Topic 8 Linear Regression Flashcards
What is the goal of linear regression in statistics?
To explain variability in a dependent variable using a linear relationship with an independent variable.
True/False
Linear regression only applies to physical processes.
False — it applies to any measurable variable relationships, even random ones.
In the linear model
Y = a + bX + Z, what is Z?
The error term, assumed to be independent of X and with zero mean.
The values of a and b are chosen to minimize the sum of _________.
squared residuals
What is the formula for the parameters a and b?
b̂ = Cov(X, Y) / Var(X)
â = Ȳ − b̂ X̄
True/False
The regression coefficient estimates â and b̂ are biased?
False - they are unbiased
What is the formula for Var(b̂)?
Var(b̂) = σ_Z² / (n · Var(X))
What is the formula for Var(â)?
Var(â) = (1/n + (X̄² / (n · Var(X)))) · σ_Z²
What does the coefficient of determination r² represent?
The proportion of total variance in Y explained by the linear model.
Which of the following is NOT a typical inference question in linear regression?
a) Is slope b ≠ 0?
b) What is the mean Y at X = x₀?
c) Is X normally distributed?
d) What is the predicted Y at X = x₀?
c) Is X normally distributed?
What is the estimate of the standard deviation of Z?
σ̂_Z = sqrt(Var̂(Z))
What is the unbiased estimate of the variance of Z (the error term)?
Var̂(Z) = (n * var(Y) - cov(X, Y)^2 / var(X)) / (n - 2)
What is the coefficient of determination (r-squared)?
r² = cov(X, Y)^2 / (var(X) * var(Y))
What is the confidence interval for the slope b when population variance is known?
b̂ ± z_(α/2) * sqrt(Var(Z) / (n * var(X)))
What is the t-statistic used for confidence interval of b when variance is unknown?
T = (b̂ - b) / sqrt(Var̂(Z) / (n * var(X)))
What is the confidence interval for the slope b using Student’s t-distribution?
b̂ ± t_(n-2, α/2) * sqrt(Var̂(Z) / (n * var(X)))
What is the t-statistic for the intercept a?
T = (â - a) / sqrt(Var̂(Z) * (1/n + mean(X)^2 / (n * var(X))))
How does the prediction interval differ from the mean response interval?
It includes an extra variance term for the individual prediction (+1 term), making it wider.
What is the null hypothesis in a t-test on slope?

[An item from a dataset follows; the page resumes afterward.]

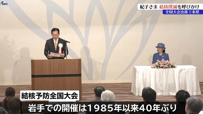 岩手で40年ぶりの開催となる結核予防全国大会が秋篠宮妃紀子さま出席のもと、盛岡市で行われました。感染症の一つ、結核の根絶を目的に掲げるこの大会は今回が76回目で、岩手での開催は1985年以来40年ぶりです。
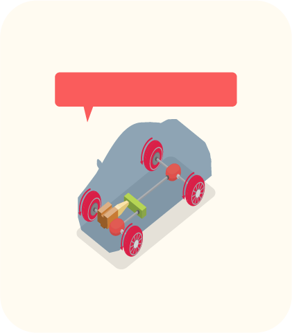 タイヤの「回転」する力と「向き」を変えています。

What is the test used to assess linear correlation between X and Y?
Correlation test using sample coefficient cxy.
What does the F-test evaluate in linear regression?
Whether the regression model explains a significant amount of variance in Y.
What does Matlab’s regress(Y, X) return?
a) Only slope
b) Only intercept
c) Regression stats including CIs
d) Histograms
c) Regression stats including CIs
What is the confidence interval for a mean response at X = x₀?
â + b̂ * x₀ ± t_(n-2, α/2) * sqrt(Var̂(Z) * (1/n + (x₀ - mean(X))^2 / (n * var(X))))
What is the confidence interval for a prediction of Y at X = x₀ (including Z)?
â + b̂ * x₀ ± t_(n-2, α/2) * sqrt(Var̂(Z) * (1/n + (x₀ - mean(X))^2 / (n * var(X)) + 1))
What is the t-statistic for testing the slope (b = b*)?
T = (b̂ - b*) / sqrt(Var̂(Z) / (n * var(X)))
What is the V-statistic for testing correlation Corr(X,Y) = 0?
V = sqrt((n - 3)/2) * ln[((1 + c_xy)(1 - Corr(X, Y))) / ((1 - c_xy)(1 + Corr(X, Y)))]
What is the regression sum of squares (ssreg)?
ssreg = sum[(â + b̂ * xᵢ - (â + b̂ * mean(X)))^2] = n * var(â + b̂X)
What is the residual sum of squares (ssres)?
ssres = sum[(yᵢ - (â + b̂ * xᵢ))^2] = (n - 2) * Var̂(Z)
What is the total sum of squares (sstot)?
sstot = sum[(yᵢ - mean(Y))^2] = ssreg + ssres = n * var(Y)
What is the F-statistic for testing regression significance?
F = (ssreg / 1) / (ssres / (n - 2))